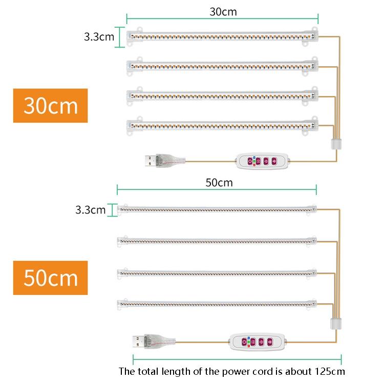 3. Luminous flux: 82.6lm for 30cm pink light, 169.2lm for 30cm sunlight, 22.7lm for 30cm red and blue light, 88lm for 50cm pink light, 177lm for 50cm sunlight, 21lm for 50cm red and blue light
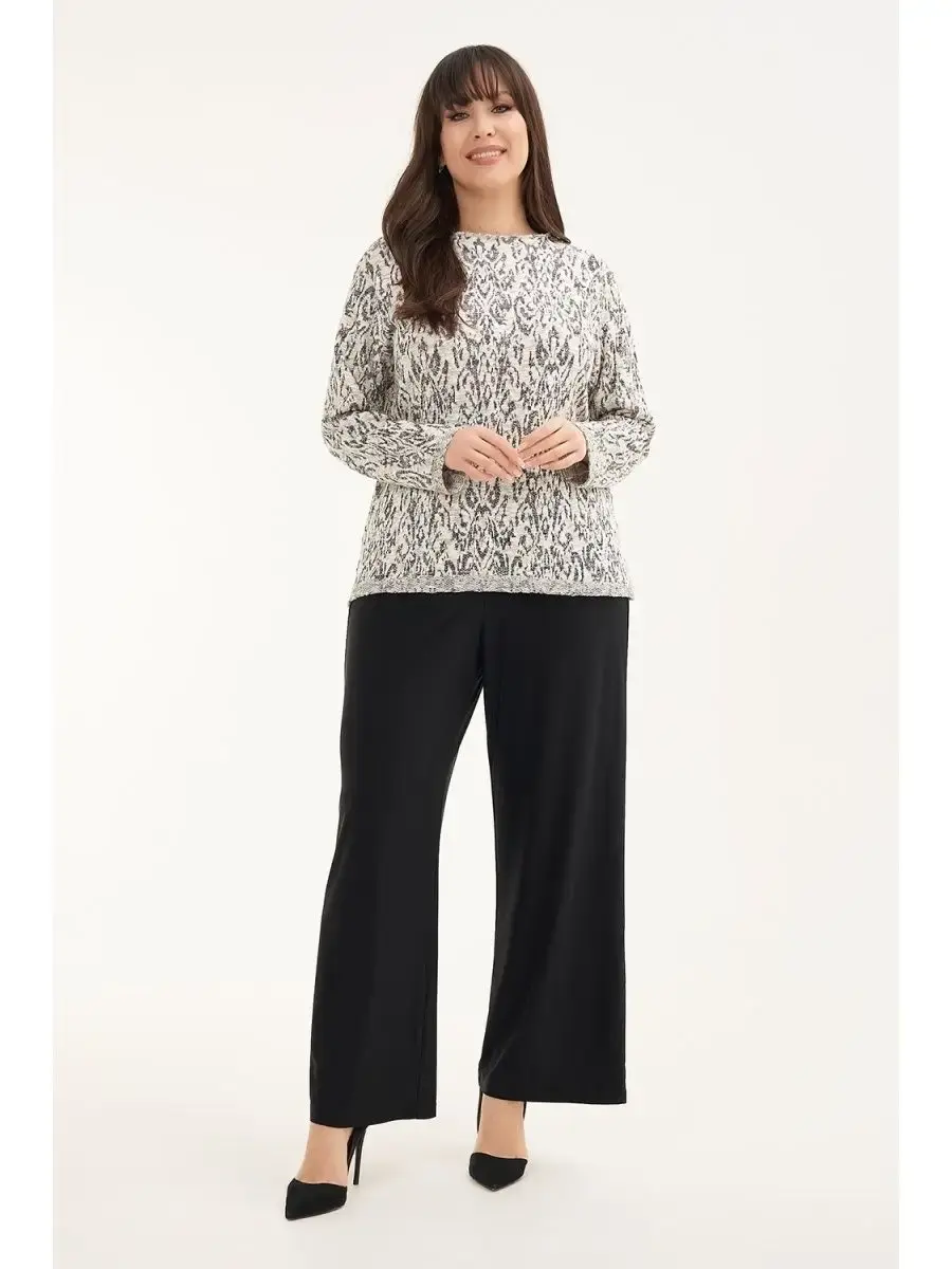 Женская туника бренда OLSI свободного силуэта и длиной до середины бедра станет идеальным выбором для обладательниц пышных форм. Джемпер трикотажный имеет открытые срезы на рукавах и по низу туники. Длинный рукав свитера деликатно скроет особенности фигуры, а его структура позволит носить тунику в любой сезон. Удлиненный свитер станет универсальным дополнением к вашему гардеробу, подходящим для любого случая: будь то прогулка по городу или работа в офисе. Внося нотку свежести в ваш повседневный стиль, женская вязаная кофта оверсайз станет прекрасным подарком для девушки или женщины на Новый год, Рождество, 14 февраля, 8 марта или день рождения. Создавая современный образ с помощью трикотажного свитера, он будет гармонично сочетаться с брюками, дополняя как деловой, так и повседневный гардероб. Благодаря своему удобному крою, эта вязаная туника подойдет женщинам любого возраста и роста. Джемпер женских больших размеров , туники с люрексом. Длина по спинке/длина рукава соответственно:р.50-70см/58,5см;р.52-70,5/58,5см;р.54-71см/58,5см;р.56-71,5см/58,5см;р.58-72см/58,5см;р.60-72,5см/58,5см;р.62-73см/59см;р.64-73,5см/59см.
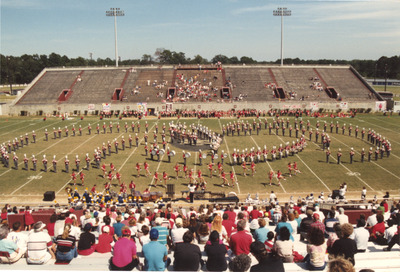 The Jacksonville State University Marching Southerners perform during a Fall 1991 performance, possibly a band exhibition performance at a high school. The 1991 show was titled "West Side Story." The band was under the direction of Dr. Scott McBride and the field direction of drum majors Keith Casey and Marcus LeGear. (circa Fall 1991)
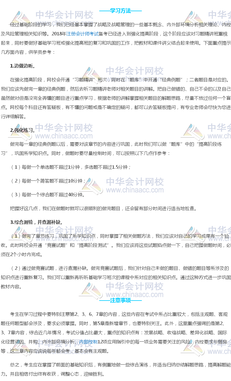考生在学习过程中要特别注意第2、3、6、7章的内容,这些内容在考试中所占比重较大,包括主观题、客观题任何题型都会涉及,要求必须掌握。考生应在掌握了前面的基础知识后,有侧重地做一些综合演练,并适当归纳总结解题思路,提高解题能力。正保会计网校教学专家整理了注会《公司战略与风险管理》强化提高阶段学习方法及注意事项,希望对考生有所帮助。
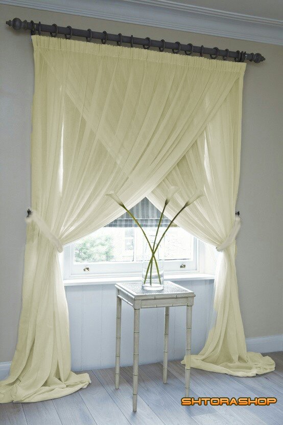Данная модель состоит из двух частей однотонной вуали, по 4 метра шириной, сшитой на одной шторной ленте. Высоту и цвет можно изменить по желанию.
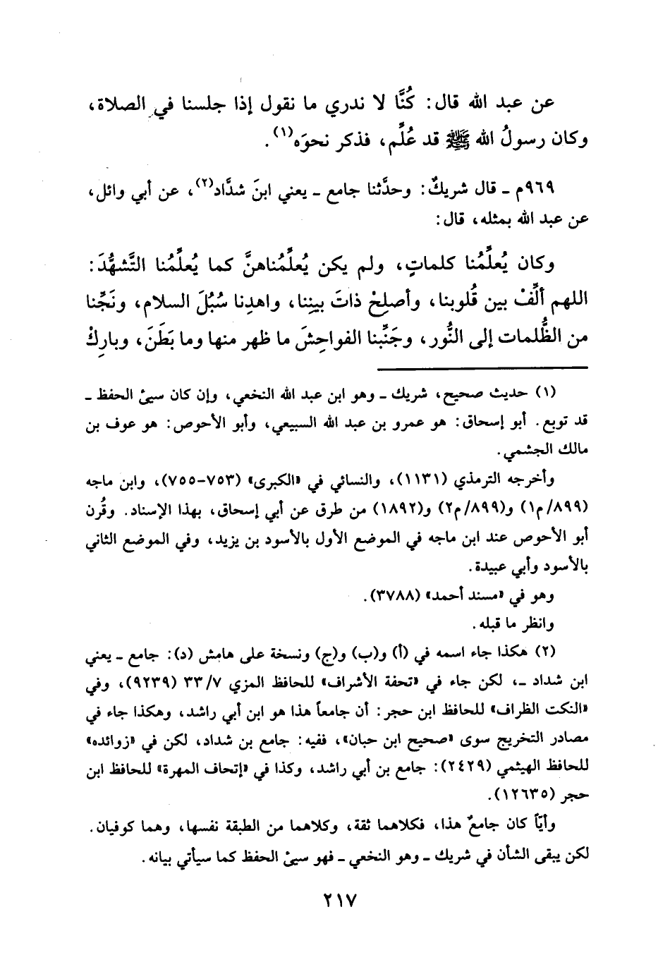 ٩٦٩ م- قال شريك: وحدثنا جامع- يعني ابنَ شداد (¬٢)، عن أبي وائل، عن عبد الله بمثله، قال:
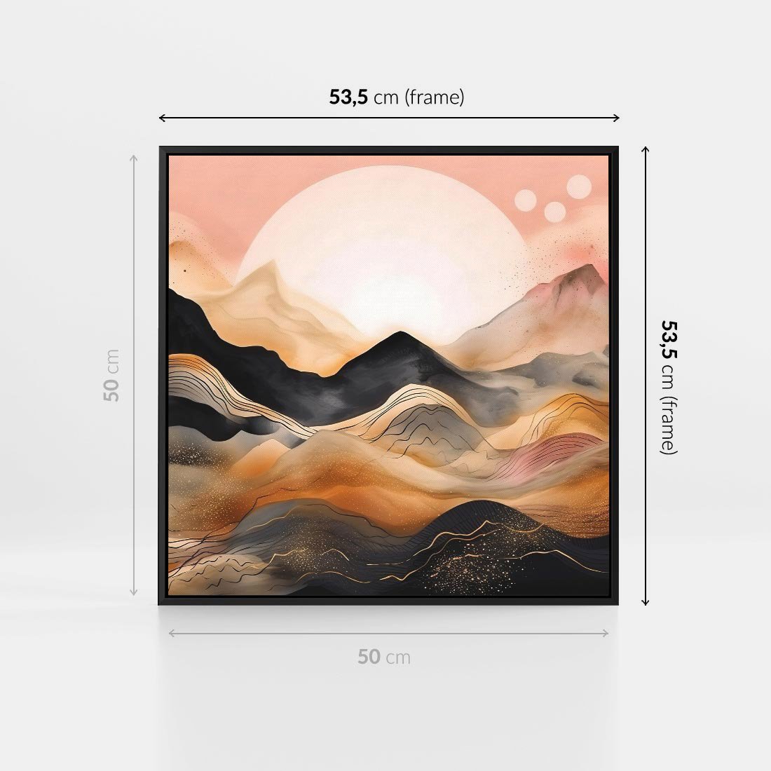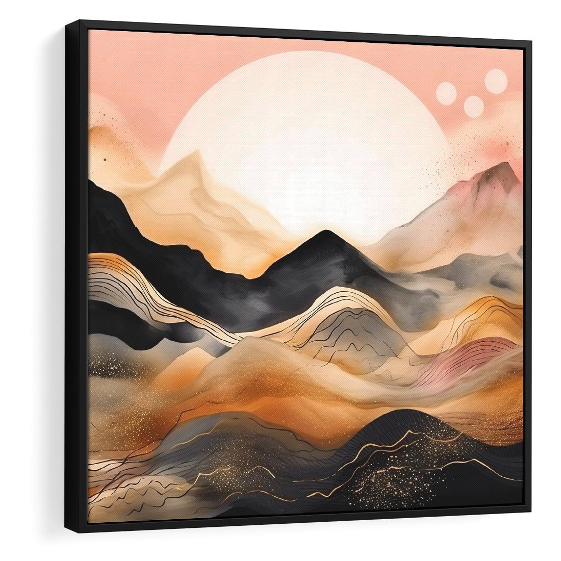 Ta nowoczesna grafika ukazuje urok zachodu słońca nad czarnymi górami. Odcienie pastelowego różu i złota tworzą magiczną atmosferę, przenosząc widza w malowniczy krajobraz. To artystyczne dzieło oddaje piękno natury i wprowadzi harmonię oraz ciepło do każdego wnętrza.
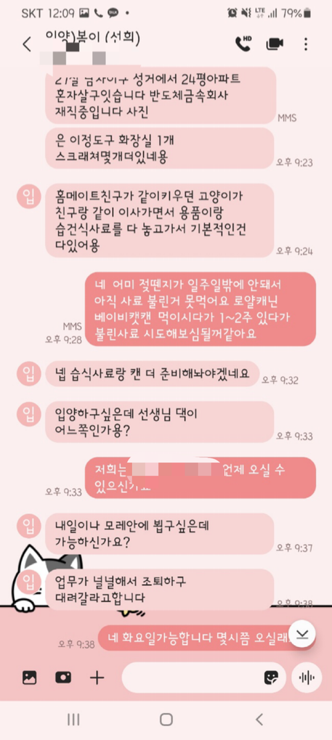고양이 키워 본 경험도 있다고 했고, 고양이 물품도 다 준비되어 있는 상태라 정말 한치의 의심도 하지 못했습니다.

☆ ☆ ☆ ☆

- TRY IT
Except for the pictures, please retype the listing above exactly.

- ANSWER TO THE EXERCISE
 3. Luminous flux: 82.6lm for 30cm pink light, 169.2lm for 30cm sunlight, 22.7lm for 30cm red and blue light, 88lm for 50cm pink light, 177lm for 50cm sunlight, 21lm for 50cm red and blue light
 Женская туника бренда OLSI свободного силуэта и длиной до середины бедра станет идеальным выбором для обладательниц пышных форм. Джемпер трикотажный имеет открытые срезы на рукавах и по низу туники. Длинный рукав свитера деликатно скроет особенности фигуры, а его структура позволит носить тунику в любой сезон. Удлиненный свитер станет универсальным дополнением к вашему гардеробу, подходящим для любого случая: будь то прогулка по городу или работа в офисе. Внося нотку свежести в ваш повседневный стиль, женская вязаная кофта оверсайз станет прекрасным подарком для девушки или женщины на Новый год, Рождество, 14 февраля, 8 марта или день рождения. Создавая современный образ с помощью трикотажного свитера, он будет гармонично сочетаться с брюками, дополняя как деловой, так и повседневный гардероб. Благодаря своему удобному крою, эта вязаная туника подойдет женщинам любого возраста и роста. Джемпер женских больших размеров , туники с люрексом. Длина по спинке/длина рукава соответственно:р.50-70см/58,5см;р.52-70,5/58,5см;р.54-71см/58,5см;р.56-71,5см/58,5см;р.58-72см/58,5см;р.60-72,5см/58,5см;р.62-73см/59см;р.64-73,5см/59см.
 The Jacksonville State University Marching Southerners perform during a Fall 1991 performance, possibly a band exhibition performance at a high school. The 1991 show was titled "West Side Story." The band was under the direction of Dr. Scott McBride and the field direction of drum majors Keith Casey and Marcus LeGear. (circa Fall 1991)
考生在学习过程中要特别注意第2、3、6、7章的内容,这些内容在考试中所占比重较大,包括主观题、客观题任何题型都会涉及,要求必须掌握。考生应在掌握了前面的基础知识后,有侧重地做一些综合演练,并适当归纳总结解题思路,提高解题能力。正保会计网校教学专家整理了注会《公司战略与风险管理》强化提高阶段学习方法及注意事项,希望对考生有所帮助。
Данная модель состоит из двух частей однотонной вуали, по 4 метра шириной, сшитой на одной шторной ленте. Высоту и цвет можно изменить по желанию.
 ٩٦٩ م- قال شريك: وحدثنا جامع- يعني ابنَ شداد (¬٢)، عن أبي وائل، عن عبد الله بمثله، قال:
 Ta nowoczesna grafika ukazuje urok zachodu słońca nad czarnymi górami. Odcienie pastelowego różu i złota tworzą magiczną atmosferę, przenosząc widza w malowniczy krajobraz. To artystyczne dzieło oddaje piękno natury i wprowadzi harmonię oraz ciepło do każdego wnętrza.
고양이 키워 본 경험도 있다고 했고, 고양이 물품도 다 준비되어 있는 상태라 정말 한치의 의심도 하지 못했습니다.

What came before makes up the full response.